Most of the mutations causing deficiency of the pyruvate dehydrogenase (PDH) complex are in the X-linked E1 alpha gene. We have developed a rapid screening method for the detection of mutations in this gene using reverse transcription of total RNA, polymerase chain reaction amplification of the whole coding region of the gene and single-strand conformation polymorphism (SSCP) analysis. With this method, we studied eight patients with a PDH complex deficiency, using cultured fibroblasts. In all patients, aberrant SSCP patterns were found and, after sequencing of the corresponding fragments, we were able to identify six new mutations and two mutations already described previously. The mutations are point mutations leading to amino acid substitutions (5) and direct repeat insertions (3). The presence of the mutations was confirmed in genomic fibroblast DNA. The 4 female patients were shown to carry both a normal and a mutated E1 alpha gene.

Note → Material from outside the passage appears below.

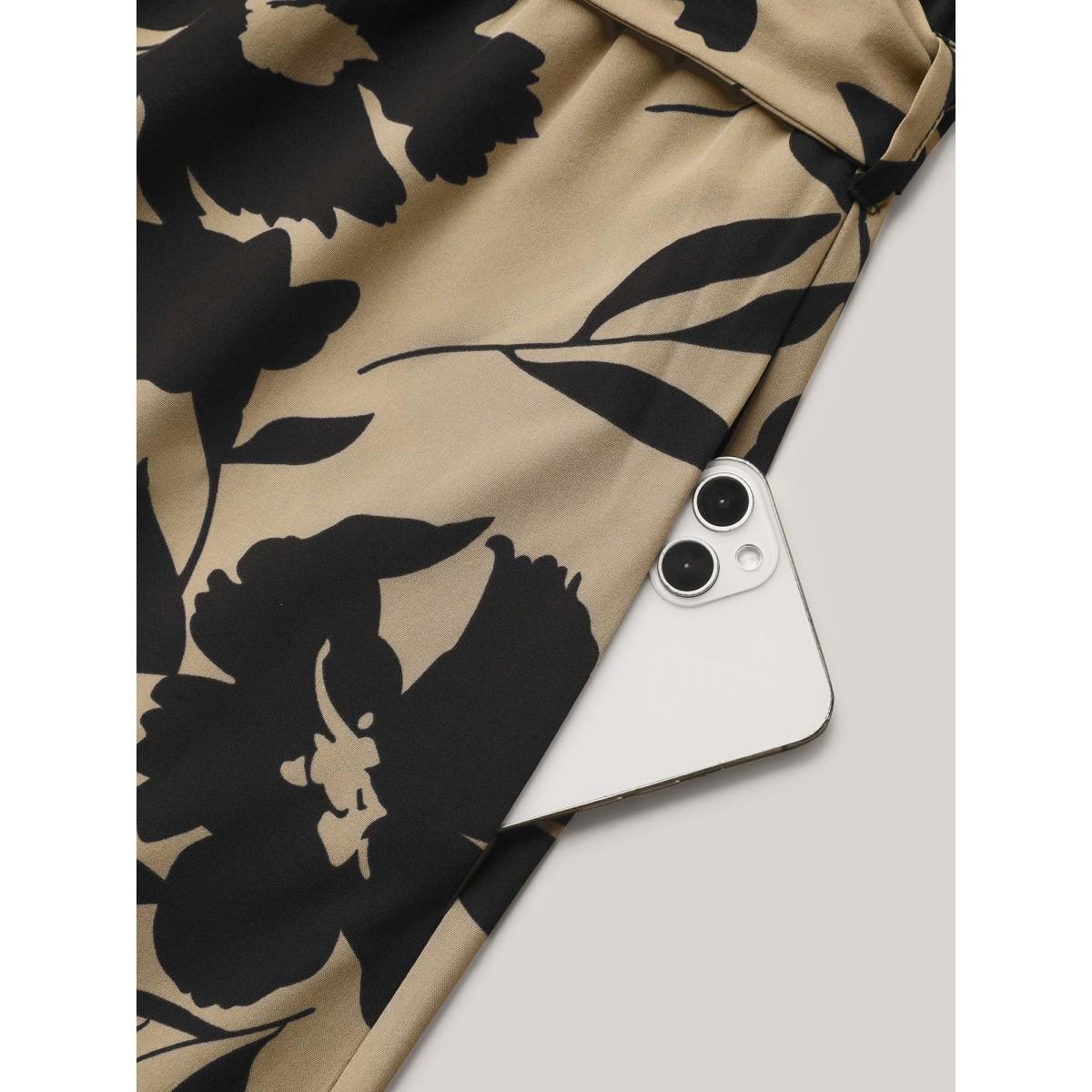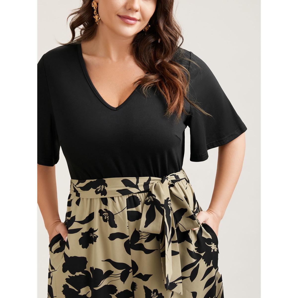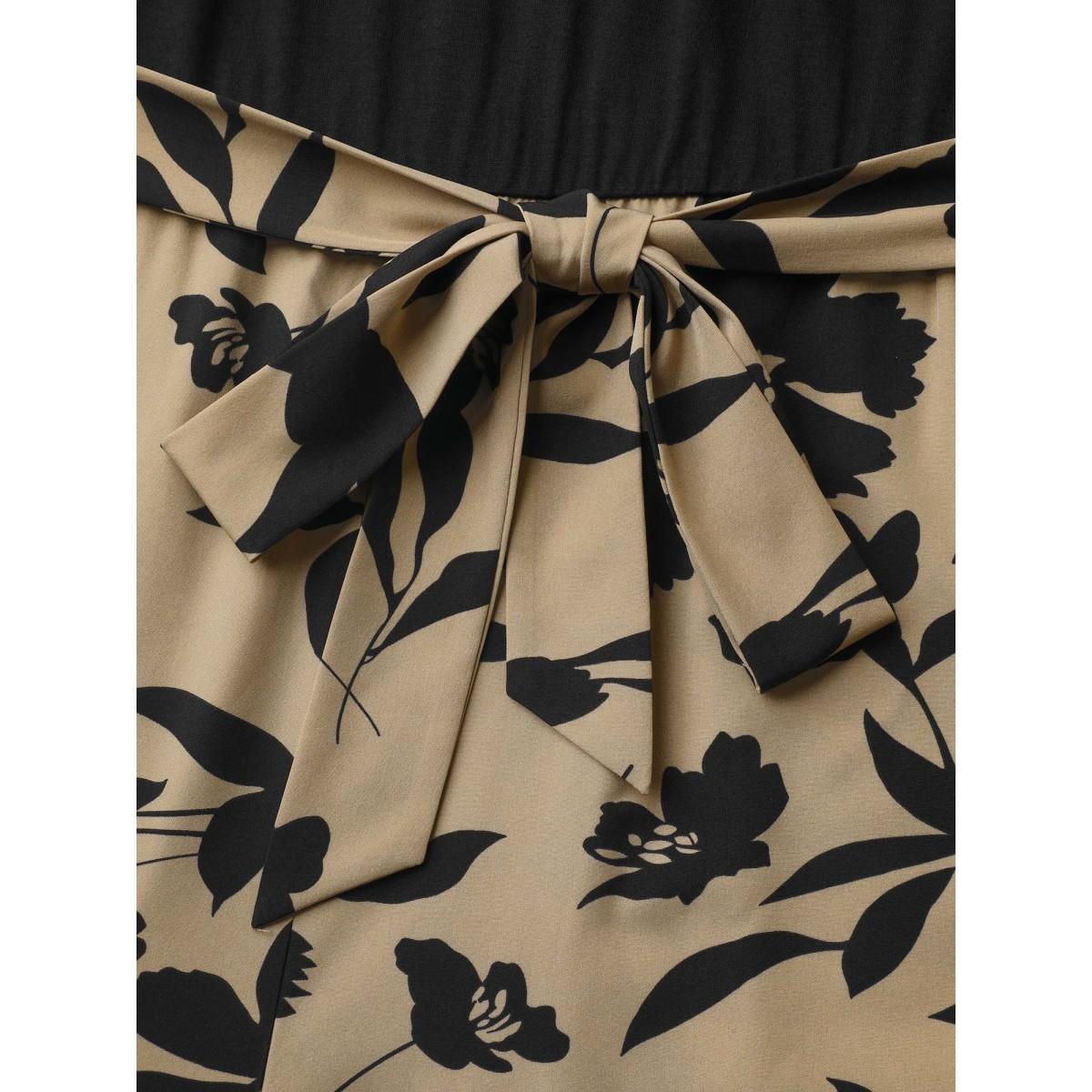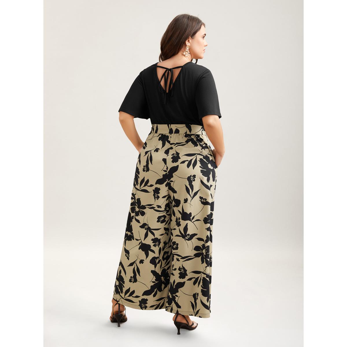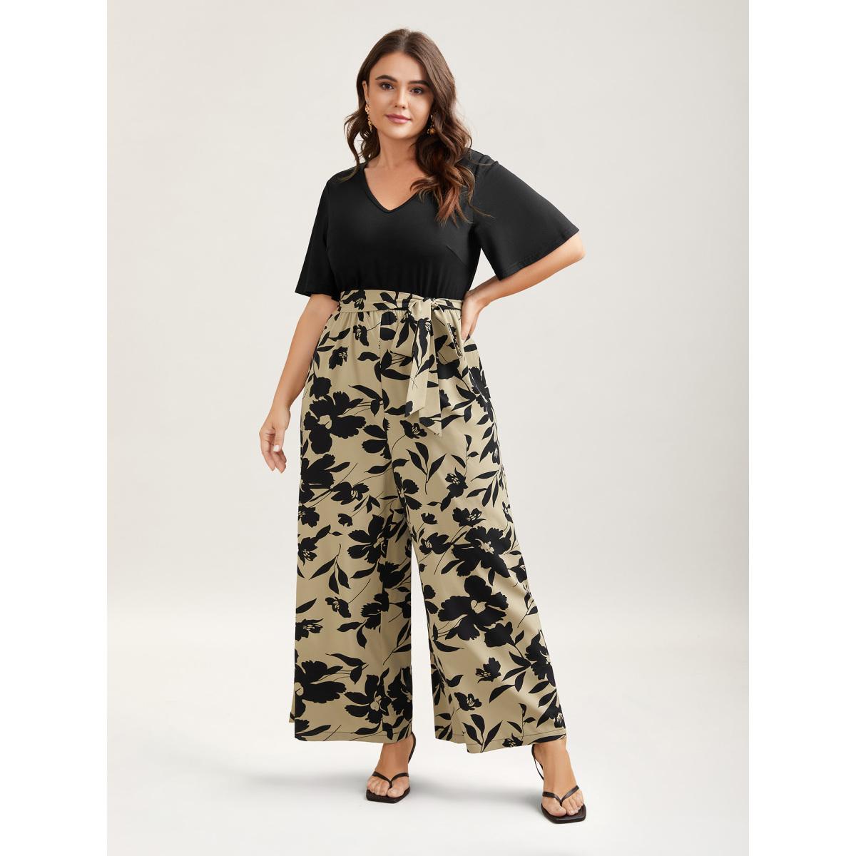 Plus Size Tan Floral Print Spliced Belted Wide-Leg Jumpsuit Women Elegant Short sleeve V-neck Everyday-Elegant Loose Jumpsuits BloomChic 18-20/2X

大多数导致丙酮酸脱氢酶(PDH)复合体缺乏的突变存在于X连锁的E1α基因中。我们开发了一种快速筛选方法,通过对总RNA进行逆转录、对该基因的整个编码区进行聚合酶链反应扩增以及单链构象多态性(SSCP)分析来检测该基因中的突变。利用这种方法,我们使用培养的成纤维细胞研究了8例PDH复合体缺乏的患者。在所有患者中均发现了异常的SSCP模式,对相应片段进行测序后,我们能够鉴定出6个新突变和2个先前已描述的突变。这些突变是导致氨基酸替代的点突变(5个)和直接重复插入(3个)。在基因组成纤维细胞DNA中证实了这些突变的存在。4名女性患者被证明同时携带正常和突变的E1α基因。